2. The gas purification method according to claim 1 , wherein the faujasite type zeolite whose cation is sodium is exposed to the air or a gas containing water, and then is subjected to heat-regeneration to adsorptively remove the carbon dioxide.
3. A gas purification method in which a gas to be purified which contains carbon dioxide as an impurity is brought into contact with an adsorbent composed of a faujasite type zeolite whose cation is lithium to adsorptively remove the carbon dioxide, characterized in that the faujasite type zeolite whose cation is lithium is subjected to an initial activation at 300° C. or higher, and subjected to heat-regeneration at 240° C. or lower in a subsequent regeneration process to adsorptively remove carbon dioxide repeatedly.

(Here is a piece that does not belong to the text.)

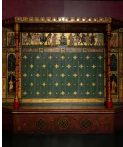
William Burges (1827 – 1881), Zodiac Settle , 1869-70

Becoming a Friend not only supports the museum but offers a range of other benefits, including discounts in the shop and café, the chance to join visits abroad, and access to a catalogue of online talks.

4. A purification method in which: a gas to be purified which contains carbon dioxide and water as impurities is brought into contact with an adsorbent composed of a faujasite type zeolite whose cation is sodium to adsorptively remove a part of carbon dioxide and water; and
in the downstream thereof, the gas is brought into contact with an adsorbent which is subjected to an initial activation at 300° C. or higher and composed of a faujasite type zeolite whose cation is lithium to adsorptively remove the residual carbon dioxide, wherein the regeneration temperature of both adsorbents is from 160° C. to 240° C.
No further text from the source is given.